Otra virtud del libro es la sostenida voluntad de ecuanimidad. Aquí no hay buenos y malos. No se cae en el maniqueísmo ni hay un gramo de revisionismo interesado. Todo está contado como probablemente sucedió. Sin hacer juicios sumarísimos ni rubricar concesiones gratuitas a la autoestima o a la herencia familiar. Con elegancia y temple, pero sin atenuar ni la violencia ni la tragedia, Pisón habla de víctimas que no pertenecen a un bando en exclusiva y de verdugos que actúan de manera análoga en ambas orillas, aunque sea por causas distintas.
El ojo del novelista describe con precisión la superficie de las cosas y, gracias a la elipsis, nos traslada el trasfondo del libro. Su estilo es preciso y efectivo. Sin gestos innecesarios. Lograr este grado cero de escritura, tarea nada sencilla, ya que exige embridar la montura a lo largo de muchas leguas, demuestra la mayúscula meticulosidad de esta novela. Es justo esta condición de miniatura holandesa, el tono descriptivo, el afán objetivista, la fidelidad al infinito pormenor de la realidad, los elementos que definen su aliento. Lejos de lastrarla, dotan a la narración de condensación, capacidad de sugerencia y polisemia.
Sin dejar de escribir una obra de ficción, el escritor opta por poner un límite a las posibilidades potenciales de la invención para consumar un retrato de la España del primer franquismo que es sugerente, depuradísimo. A ratos, perfecto. Ni el horror se obvia ni se justifica. No se relativiza nada de lo que sucedió. No se cae en el expresionismo efectista. Es como si Raymond Carver contemplase (desde dentro) la tragicomedia española y, en vez de los sangrientos guiñoles de Valle-Inclán, nos describiera el miedo y la miseria con la precisión de un entomólogo.
Castillos de fuego no es una fábula soleada ni un memorial de agravios con víctimas inocentes. Es un cuadro panorámico, coral, sobre cómo el destino destroza los anhelos de unos individuos que, sin ser iguales, pueden ser intercambiables. Todos atrapados por la cotidianidad duradera de una existencia ciertamente pavorosa.

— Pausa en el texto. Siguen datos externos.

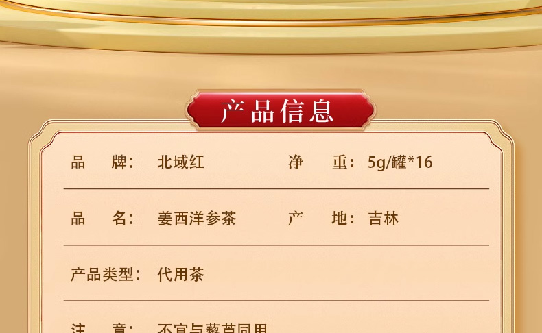 北域红长白山姜西洋参茶北域红姜西洋参北域首礼代泡茶礼盒西洋参泡水荧光色5g/罐*16罐/盒

La atmósfera de miseria moral, dignidad asesinada y muerte gratuita, o el pragmatismo de la supervivencia y el fatídico aire de la delación, dotan al lienzo narrativo de Pisón de todos los matices del color gris, alejándolo del aguafuerte en blanco y negro. El franquismo de aquella hora simulaba una atosigante ansia de eternidad que era el reverso de su inseguridad íntima. Mataba con crueldad y sin tasa porque se sabía mucho más mortal de lo que fingía ser. Idéntico motivo alimentaba las purgas (entre camaradas) de la clandestinidad comunista.
El escritor zaragozano se sumerge con talento en una época de la historia sobre la que se ha escrito de forma abundante y generosa. Nada, de Carmen Laforet; La colmena, de Cela; La sombra del ciprés es alargada, de Delibes, las Memorias de un niño de derechas, de Umbral, el periodismo sentimental de Vázquez Montalbán o la narrativa de Carmen Martín Gaite, entre otros ejemplos, como Madrid, 1945, de Andrés Trapiello, son piezas literarias excelentes sobre esa patria de pan negro, trenes de estraperlo, gasógeno, misticismo nacionalista, toros y curas, niñas topolino, misas infinitas y retórica chusca. Pisón no se adentra pues en solitario en un territorio desconocido, aunque logra salir del laberinto con una melodía sin estrambote y gracias a una sentimentalidad madura que nos habla de lo que somos a través de la compasión.